Modulating effect of ginseng saponins on heterologously expressed HERG currents in Xenopus oocytes¹

Ginseng, the root of Panax ginseng CA Meyer, has been used for more than 2 000 years as a general tonic and restorative agent. Ginseng saponins, also called ginsenosides, are one of the main molecular ingredients responsible for the actions of ginseng.
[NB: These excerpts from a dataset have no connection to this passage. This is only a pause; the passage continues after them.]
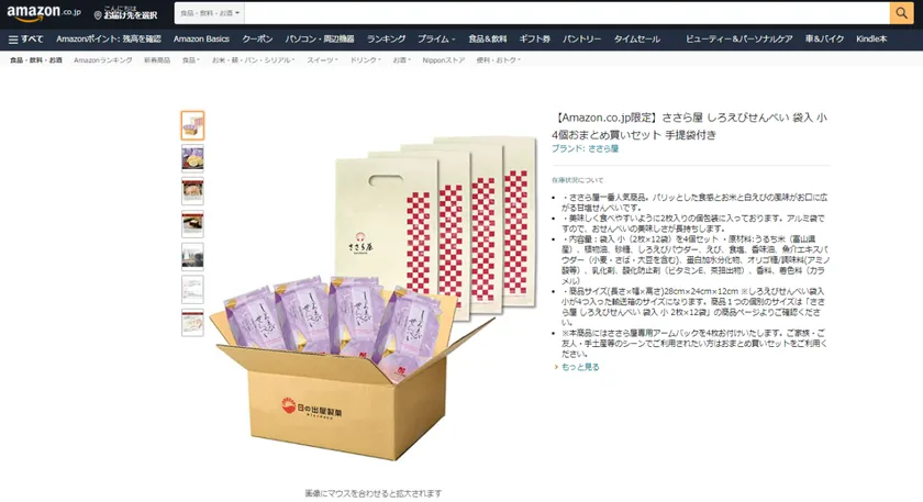 創業97年の老舗米菓メーカー日の出屋製菓産業株式会社(本社:富山県南砺市、代表取締役社長:川合 声一)は6月4日にインターネット総合モールAmazon.co.jpで「【Amazon.co.jp限定】ささら屋 しろえびせんべい 袋入 小 4個おまとめ買いセット」の販売を開始します。当社の人気商品であるしろえびせんべいの自家用タイプの袋入が4個セットになった「まとめ買い商品」をAmazon Prime商品として販売します。全国翌日配送(一部、離島などを除く)の対応を行い、コロナ禍で店舗や観光地に行きづらい顧客に対して在宅ワークのハイエンドおやつやプチギフトとしてしろえびせんべいの購入しやすい環境を整えていきます。
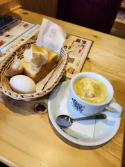 成功🥚✨ こんにちは。厚みのあるバター🌟熱々トーストでモーニング☺️🌽初めて、パカっと🥚に成功🙌剥きたかった方と逆だけど…いつもぼろぼろになるから嬉しい😆この後、カフェオーレAモーニングを注文。カフェオーレ飲みながら読書して、トーストだけ持ち帰りました🏃♀️お家のチューリップが咲きました🌷✨春🙌✨
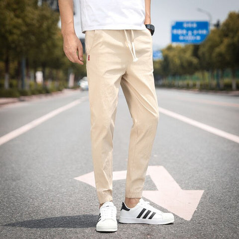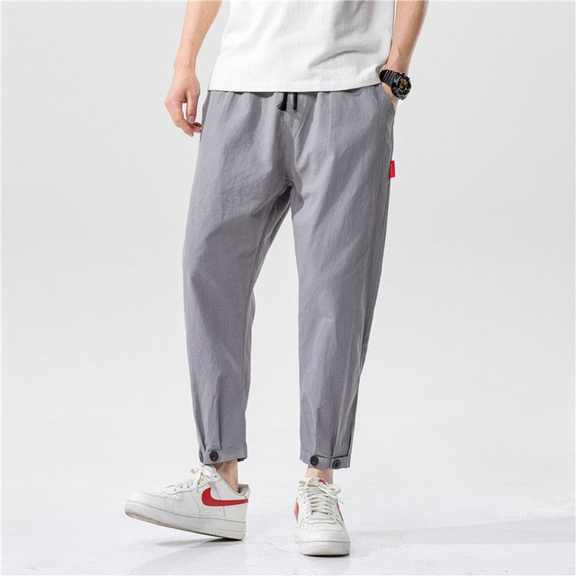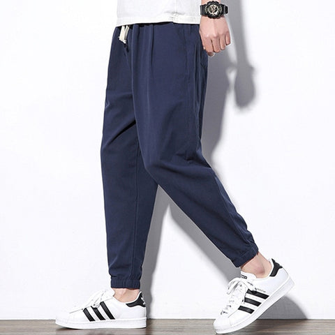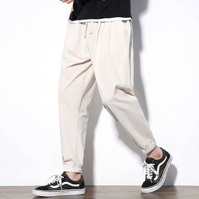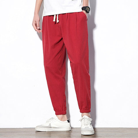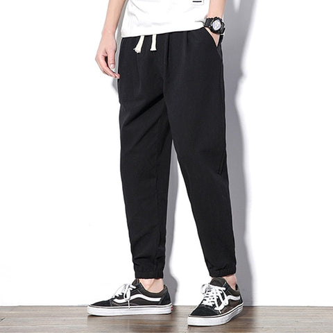 2020 Summer Men's Linen Trousers Hip Hop Jogging Ankle-Length Pants Solid color Breathable Fashion High quality Casual pants Men
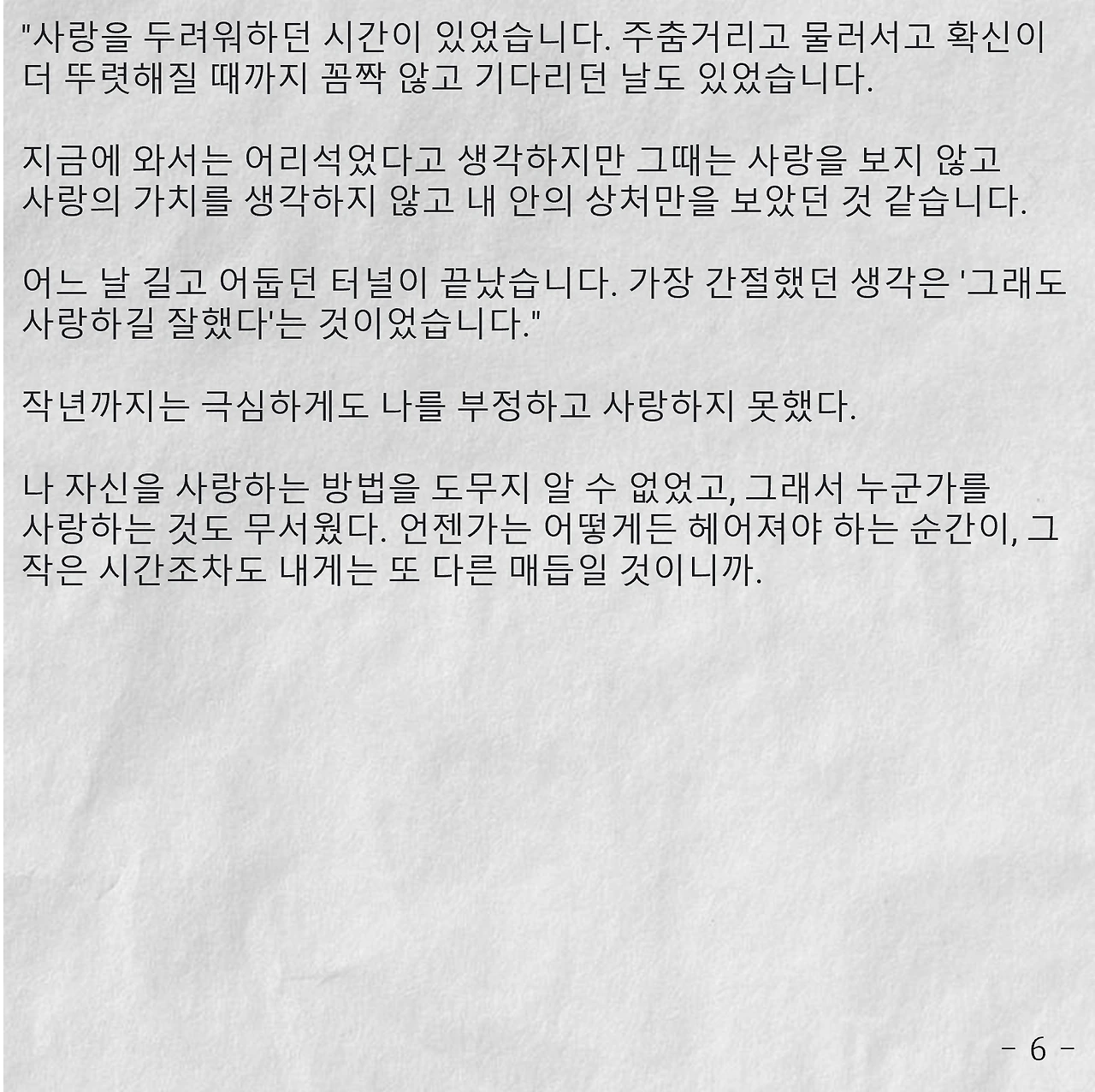 "사랑을 두려워하던 시간이 있었습니다. 주춤거리고 물러서고 확신이 더 또렷해질 때까지 꼼짝 않고 기다리던 날도 있었습니다. 지금에 와서는 어리석었다고 생각하지만 그때는 사랑을 보지 않고 사랑의 가치를 생각하지 않고 내 안의 상처만을 보았던 것 같습니다. 어느 날 길고 어둡던 터널이 끝났습니다. 가장 간절했던 생각은 '그래도 사랑하길 잘했다'는 것이었습니다."
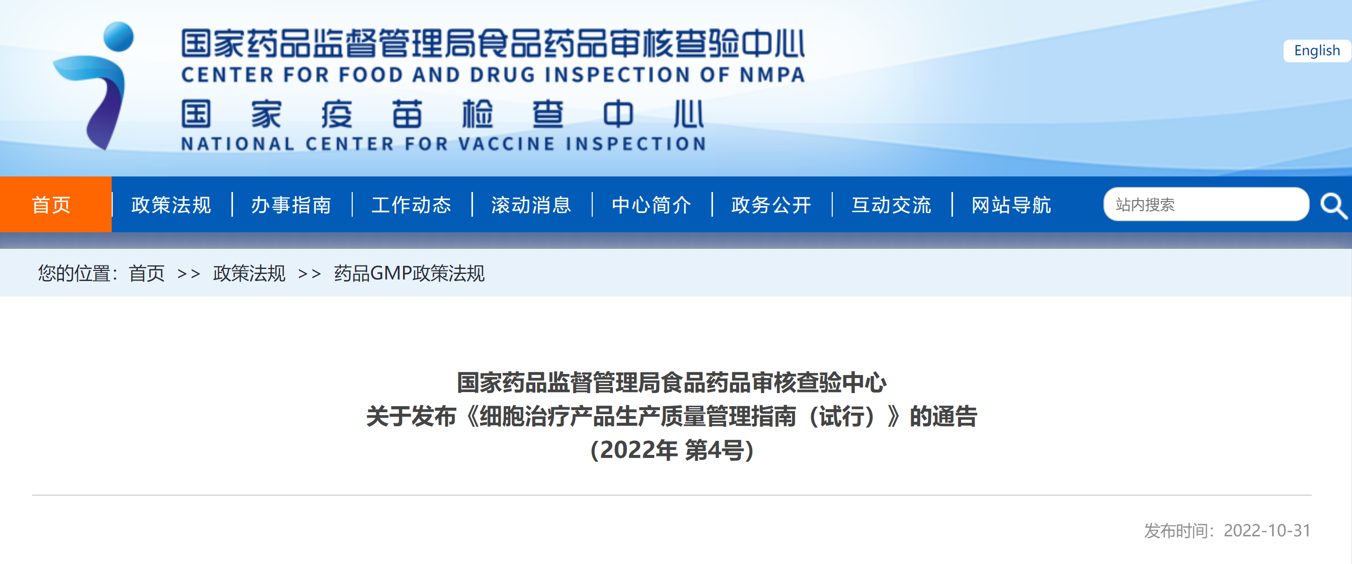 國(guó)家藥品監(jiān)督管理局食品藥品審核查驗(yàn)中心關(guān)于發(fā)布《細(xì)胞治療產(chǎn)品生產(chǎn)質(zhì)量管理指南(試行)》的通告(2022年第4號(hào))
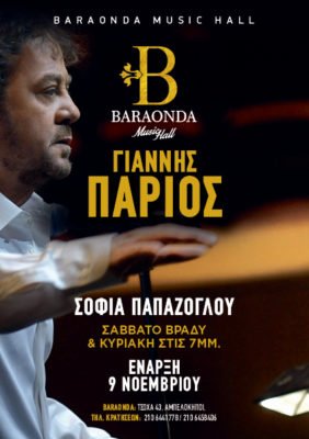 Ο Γιάννης Πάριος δίνει ραντεβού στο Baraonda Music Hall από τo Σάββατο 9 Νοεμβρίου και κάθε Σάββατο βράδυ και Κυριακή στις 19:00.
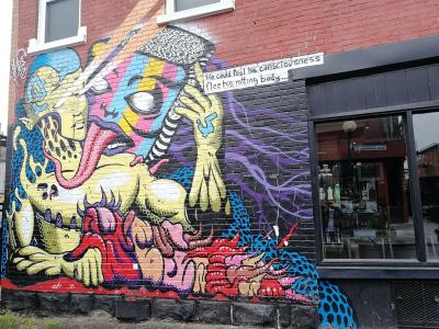 L'oeuvre est de type graffiti. Vous pouvez l'admirer dans la ville de Montréal en Canada et plus précisément ici : 3745 Boul St-Laurent, Montréal, QC H2W 1X8, Canada.
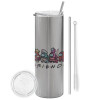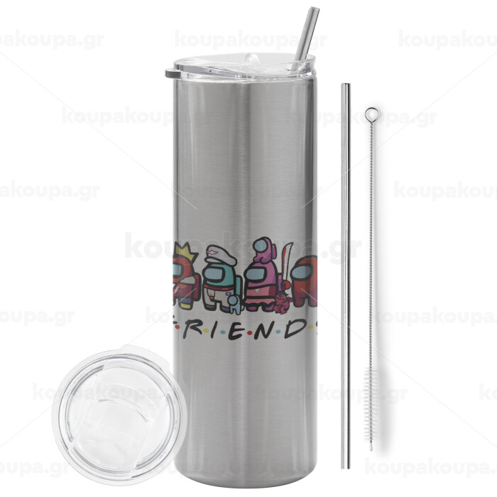Among US Friends, Tumbler ποτήρι θερμό Ασημένιο από ανοξείδωτο ατσάλι 600ml, με μεταλλικό καλαμάκι & βούρτσα καθαρισμού
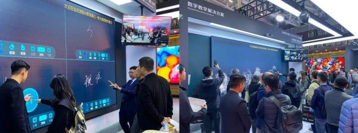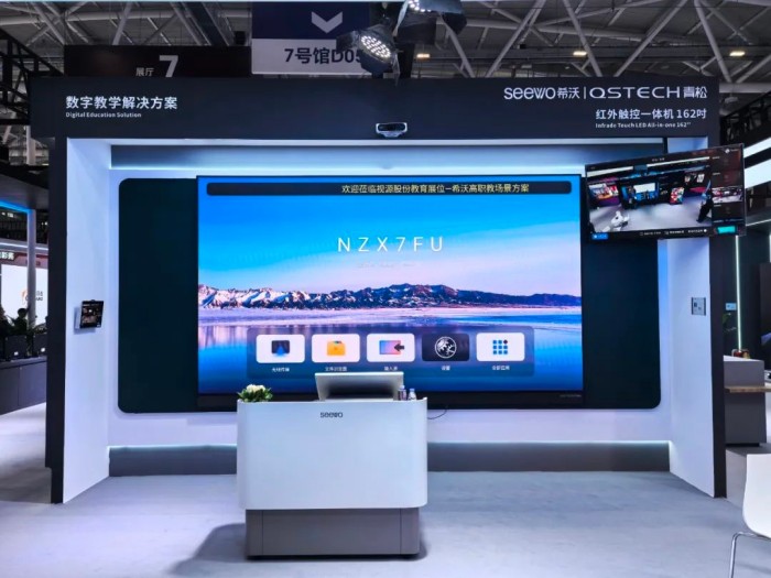 教育解决方案展区,青松光电以LED一体机为核心,搭配希沃讲台和希沃录播系统,构建了一套完整的服务于师生的数字化教学系统。通过双拼联控联触技术,讲台能便捷操作LED一体机,实现面对面互动教学。

Ginseng saponins have beneficial effects on cardiovascular functions^[1,2], including the antihypertensive effect^[3], the protective effect against ischemia/reperfusion injury^[4], the negative chronotropic and inotropic effects^[5], and the antiarrhythmic effect^[6,7].

The delayed rectifier K⁺ current is critical for repolarization of cardiac action potential^[8], which represents the sum of two components; the rapidly (I_Kr) and slowly activating components (I_Ks)^[9]. The human ether-a-go-go-related gene (HERG) is expressed in the heart of mammalian species including humans^[10]. It encodes the pore-forming subunit of I_Kr^[11,12], which initiates repolarization and terminates the plateau phase of the cardiac action potential. Heterologously expressed HERG currents share pharmacological and biophysical properties with I_Kr. It has been shown that channels formed by coexpression of MinK-related protein, MiRP1 and HERG resemble native cardiac I_Kr channels^[13]. Mutations in the HERG channel gene cause inherited long QT syndrome (LQT), a disorder of cardiac repolarization that predisposes affected individuals to lethal arrhythmias^[11,14]. Acquired LQT is far more common and is most often caused by commonly used medications blocking cardiac HERG channels^[15-18]. Thus I_Kr/HERG is especially relevant to both acquired and inherited forms of LQT^[19,20].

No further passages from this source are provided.